The Japanese salaryman サラリーマン
Salarymen in Tokyo
Salarymen (and office ladies) at a nomikai in Kumamoto
Salarymen during rush hour at Shinjuku station
An essential part of the Japanese economy
Shinjuku station, 8pm: among the Japanese youths swearing the colorful latest fashions, a tide of men in identical suits and ties rushes in, briefcases and umbrellas in hand. The salaryman, the symbol of Japan's post-war economic success, is finishing another long day of work.
A lifetime commitment
The economic model built after the war consisted, at the level of employees and non-managerial executives, of recruiting "white-collar workers" straight from university, who would join one of the big Japanese companies and build their career. The salaryman was granted employment for life, with a very low chance of dismissal, in exchange for which they gave their complete loyalty to the company, with regards to other companies or even their family life. This model, although less prevalent since the crisis of the 1990s and the "lost decade", remains widespreas in the country.
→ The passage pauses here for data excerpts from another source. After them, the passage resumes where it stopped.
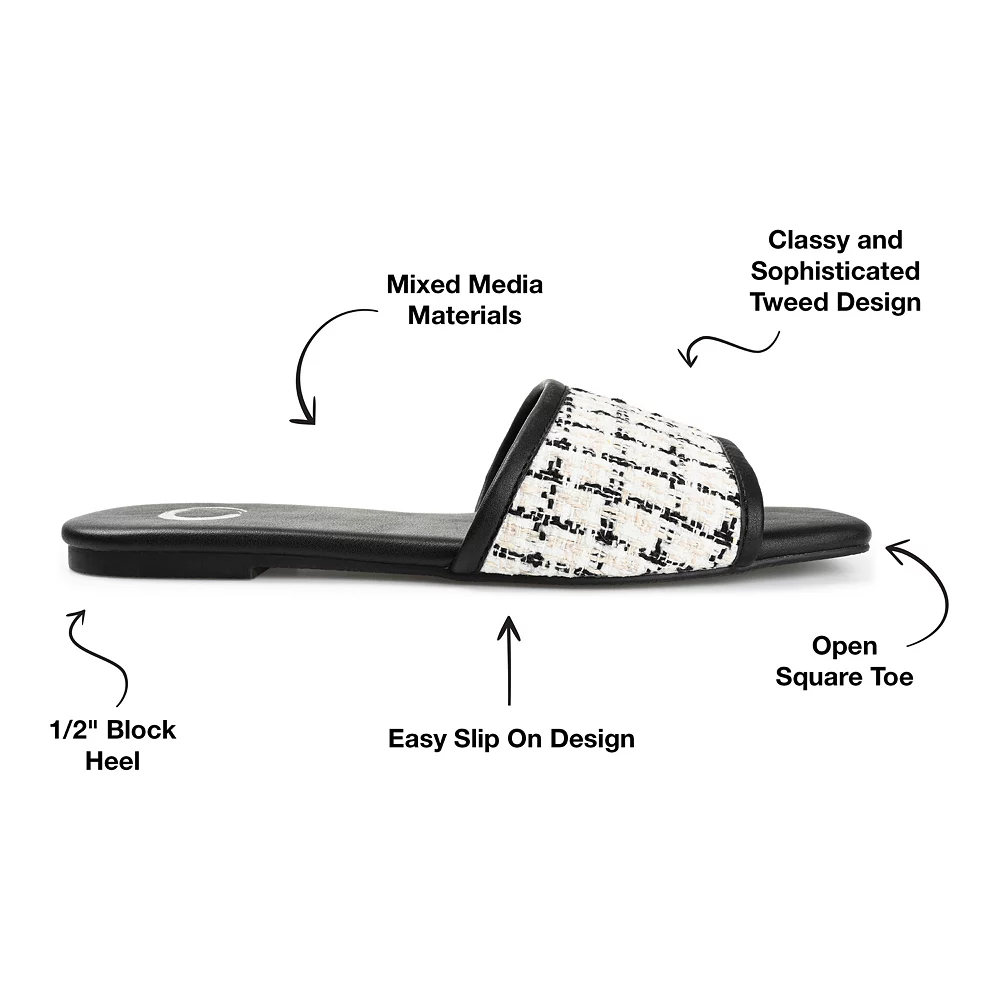 Step up your summer looks in style with these Journee Collection Mikala women’s slide sandals.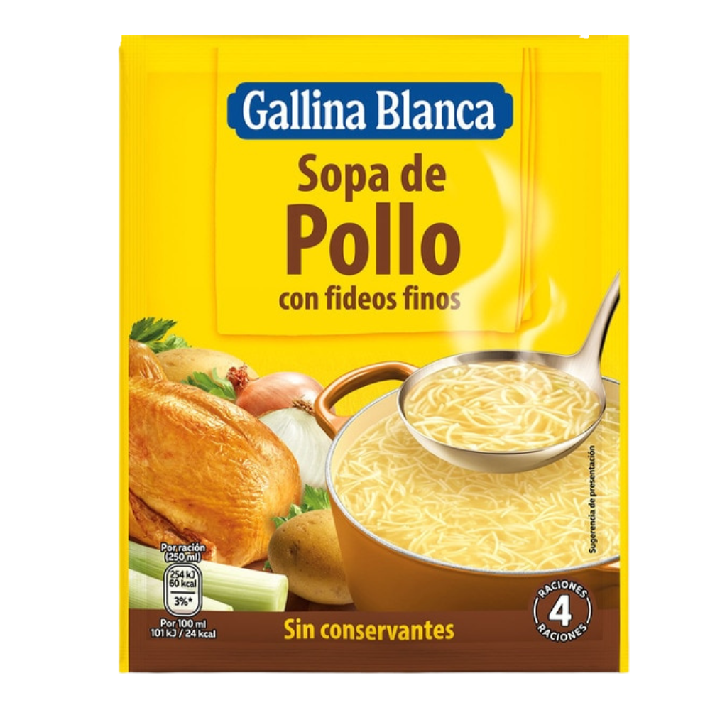Délicieuse soupe instantanée espagnole au poulet, avec un bouillon savoureux et des fideuà. Facile à préparer : ajoutez 1 litre d'eau et faites cuire brièvement. 68 g.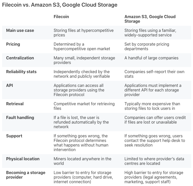 Filecoin vs Centralised Cloud Storage Providers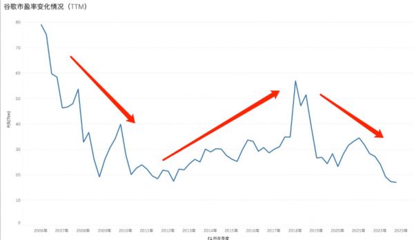 随着全球智能手机的大爆发,安卓系统的价值被凸显,极大提高了谷歌的增长潜力,市盈率随之上行,当智能手机趋近于饱和,此第二曲线的潜力被稀释,市盈率也就随之下行。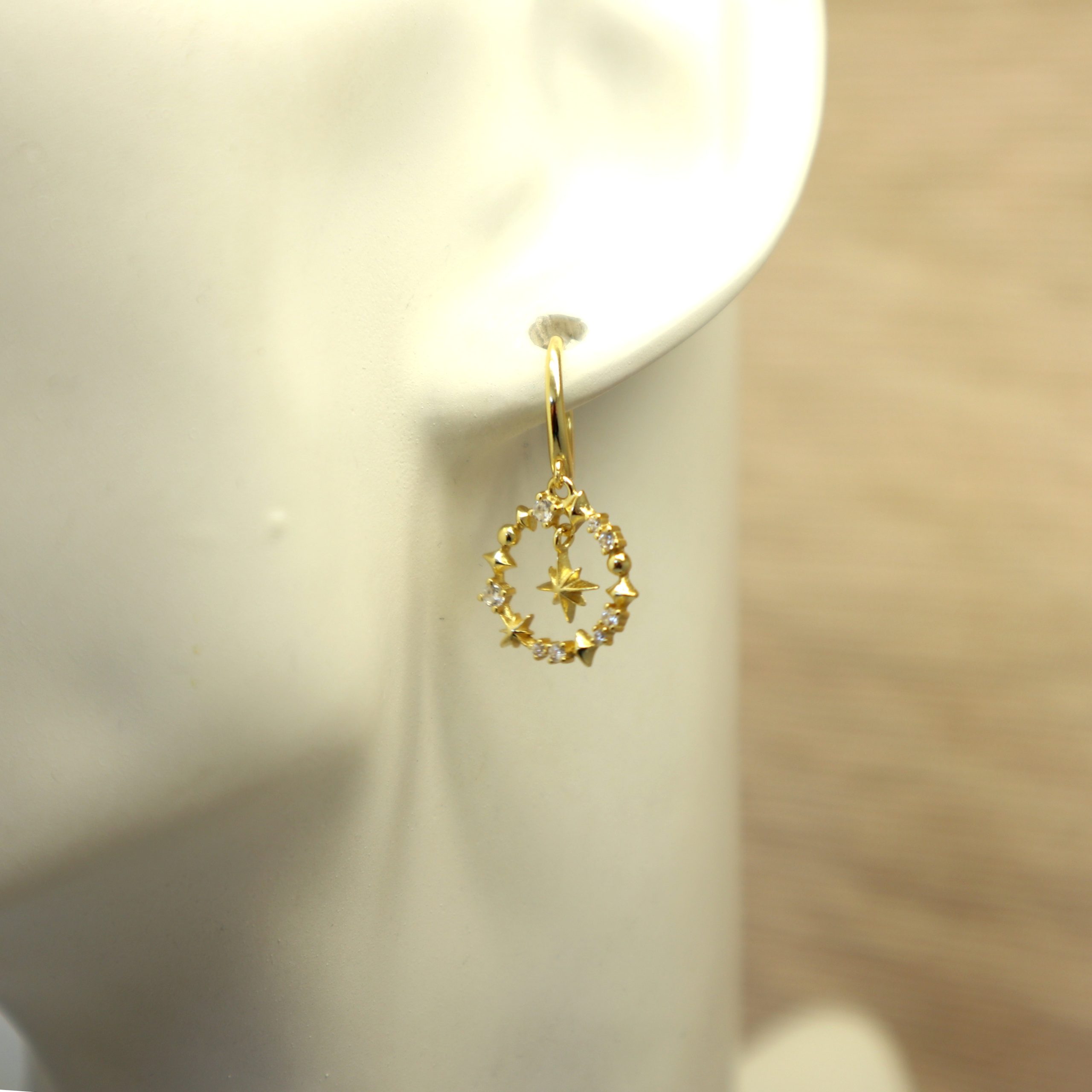 Gold Plated Sterling Silver Circle Earrings with Star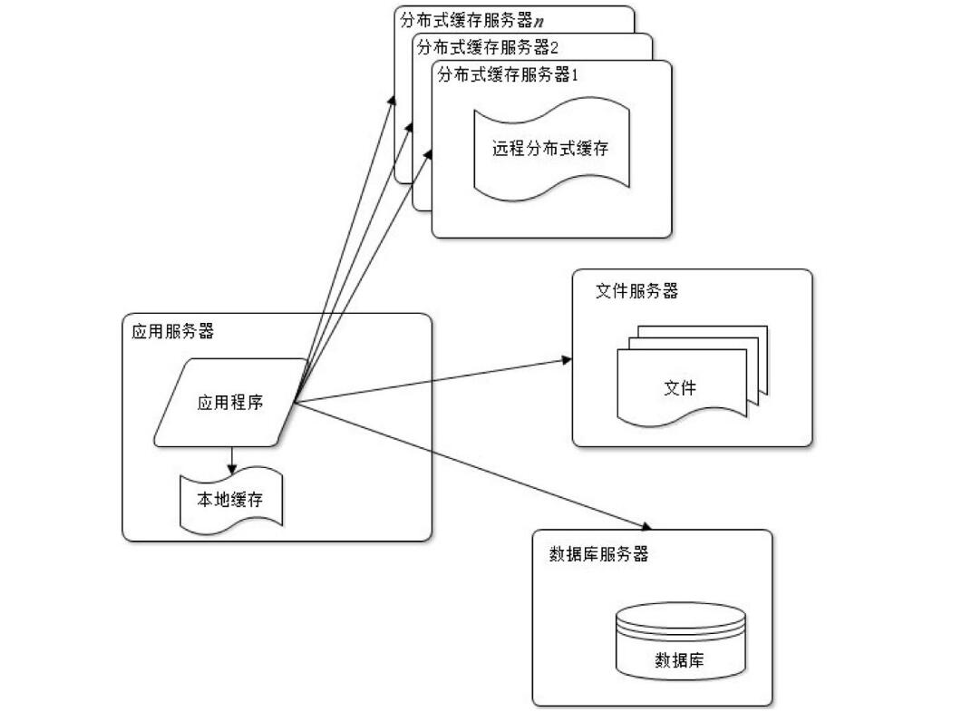 3.使用緩存改善網(wǎng)站性能網(wǎng)站訪問(wèn)特點(diǎn)和現(xiàn)實(shí)世界的財(cái)富分配一樣遵循二八定律:80%的業(yè)務(wù)訪問(wèn)集中在20%的數(shù)據(jù)上。淘寶買家瀏覽的商品集中在少部分成交數(shù)多、評(píng)價(jià)良好的商品上;百度搜索關(guān)鍵詞集中在少部分熱門詞匯上;只有經(jīng)常登錄的用戶才會(huì)發(fā)微博、看微博,而這部分用戶也只占總用戶數(shù)目的一小部分。既然大部分的業(yè)務(wù)訪問(wèn)集中在一小部分?jǐn)?shù)據(jù)上,那么如果把這一小部分?jǐn)?shù)據(jù)緩存在內(nèi)存中,是不是就可以減少數(shù)據(jù)庫(kù)的訪問(wèn)壓力,提高整個(gè)網(wǎng)站的數(shù)據(jù)訪問(wèn)速度,改善數(shù)據(jù)庫(kù)的寫入性能了呢?網(wǎng)站使用的緩存可以分為兩種:緩存在應(yīng)用服務(wù)器上的本地緩存和緩存在專門的分布式緩存服務(wù)器上的遠(yuǎn)程緩存。本地緩存的訪問(wèn)速度更快一些,但是受應(yīng)用服務(wù)器內(nèi)存限制,其緩存數(shù)據(jù)量有限,而且會(huì)出現(xiàn)和應(yīng)用程序爭(zhēng)用內(nèi)存的情況。遠(yuǎn)程分布式緩存可以使用集群的方式,部署大內(nèi)存的服務(wù)器作為專門的緩存服務(wù)器,可以在理論上做到不受內(nèi)存容量限制的緩存服務(wù),如圖1.3所示。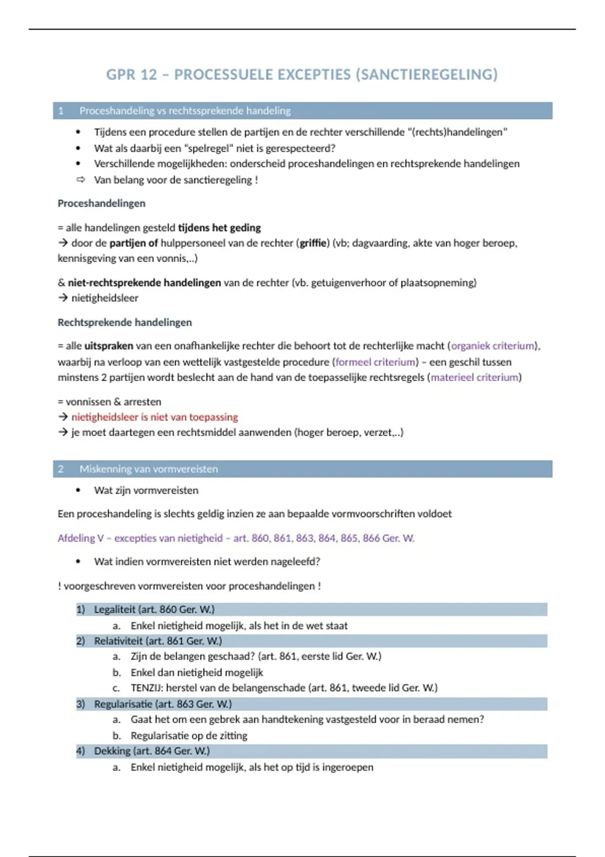Dit is deel 12 van de samenvatting Gerechtelijk privaatrecht, van het AJ 24-25 (2e semester). Ik ben in 1x geslaagd voor het vak, met deze samenvatting. Richting: Rechtspraktijk - aan HoGent

The company as a center of social life
The salaryman's working hours are known to be long, easily reaching 12 hours a day. These long hours aren't the only link connecting the salaryman to their employer. Indeed, even after work is over, many of them participate in activities with colleagues, and every evening the busy streets of the Japan's cities see clusters of men in suits going to an izakaya to participate in a nomikai, or heading to a hostess bar. This sociability, found at the bottom of a glass of alcohol, has a
huge impact on the salaryman's family and social life outside work, as he often comes home on the last train and has just enough energy to go to bed before returning to the office early the next morning.
The salaryman in Japanese culture
In Japanese culture the salaryman is often an object of ridicule or even contempt. He is seen as a mindless soldier with a bland personality, nonexistent outside his professional circle. This negative image particularly developed from the bursting of the housing bubble and the so-called "lost decade" of the 1990s, during which becoming a salaryman looked far less appealing to the younger generation, who began to question the system and look for alternative ways to live and work.